1:00 PM – Midnight: The Real Cost

This is the part incident reports underemphasize. It's also the heaviest part.

From 1:00 PM to 6:00 PM, the team coordinated with TCB and ACB to re-notify each transaction individually. Not a script. Manual coordination — confirming each batch, tracking each round of commits. Five hours.

Recipients had money in their accounts since noon. Senders opened the app and still saw "transaction processing." They called. They messaged. They worried. CS tickets surged. The phones never stopped.

And the thing nobody said out loud but everyone understood: customers don't distinguish between "the system is being fixed" and "the system can't be trusted." Every stuck transaction is one more moment a user asks themselves whether to come back.

From 6:00 PM to midnight, the accounting team handled what remained — transactions the partners couldn't automatically re-notify, reconciled manually, one line at a time.

Midnight. Incident closed. The actual financial damage: zero. But 12 hours lost, trust eroded, and a lot of people's evenings gone.

Déjà Vu

Back in September 2025, something almost identical happened.

Kafka disconnected. VA transaction sync dropped. Same pattern: message broker as Single Point of Failure, no fallback mechanism, no early detection.

A report was written. Lessons were documented. Action items were assigned.

Six months later, March 24, 2026 — same pattern. Different broker. Different feature.

The lessons from last time hadn't been applied broadly enough.

That sentence in the incident report sounds neutral. It isn't.

Three Things to Fix, in Order

The first and non-negotiable priority: migrate the transaction commit flow from Redis Pub/Sub to Kafka. Kafka has durability, consumer offsets, and replay after reconnection — a consumer that drops and comes back can pick up exactly where it left off. That's the minimum bar for anything touching money.

In parallel, Redis cache needs a DB fallback with a write-through strategy — DB as source of truth, Redis as the fast layer on top. When Redis dies, the system gets slower, but it doesn't break.

And just as important: the control plane can no longer depend on Pub/Sub. Instead, services should self-poll config from DB every 30 seconds. No Redis push required, no Pub/Sub needed. When Redis dies, the control plane stays alive — you keep your hands free to act.

The principle behind all three comes down to one sentence: the control plane must be independent from the data plane. When the data plane has an incident, you need to retain the ability to direct the system. If you lose both at once, you're just a spectator.

The Question Worth Asking in Every Design Review

Looking back at this incident, one question — asked early enough — would have changed everything:

"If this component goes down, can we still turn the system off?"

Not "will the system keep running." But "can we still control it."

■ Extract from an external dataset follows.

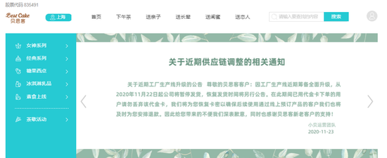 新京报记者注意到,贝思客官网目前显示的14个运营城市中,上海、苏州、南京地区于2020年11月23日发布了调整供应链的通知,称工厂生产线近期筹备升级,从11月22日起暂停发货,恢复发货时间另行公告;北京、天津、嘉兴、常州等地自2019年9月26日起调整服务,消费者仅能通过官方提供的二维码订购少数几款蛋糕;而重庆、成都两地已因疫情影响暂停城市相关业务。

That's the question that separates a resilient architecture from a brittle one. Resilient doesn't mean never failing. Resilient means when you fail, you still have enough tools to manage the situation.

One more thing: shared infrastructure needs change management. Redis, Kafka, shared databases — before changing any of them, notify every dependent team first. Not because of distrust. Because nobody can know every dependency in a system large enough to matter.

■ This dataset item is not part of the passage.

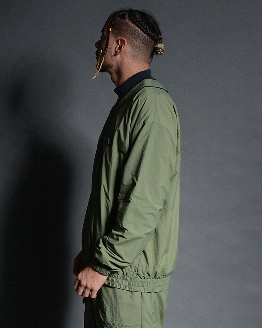 軽量かつ撥⽔性に優れたタフタ⽣地をボディーに採⽤したプルオーバーブルゾン。

A short maintenance window at noon, executed by a team that had no way of knowing someone was using that Redis instance.

22,000 transactions. 12 hours. One very long night for the accounting team.

Single Points of Failure don't advertise themselves. They're not red on the architecture diagram. They don't warn you at deploy time.

They just sit there, patient, waiting for the exact day someone decides to run maintenance at noon.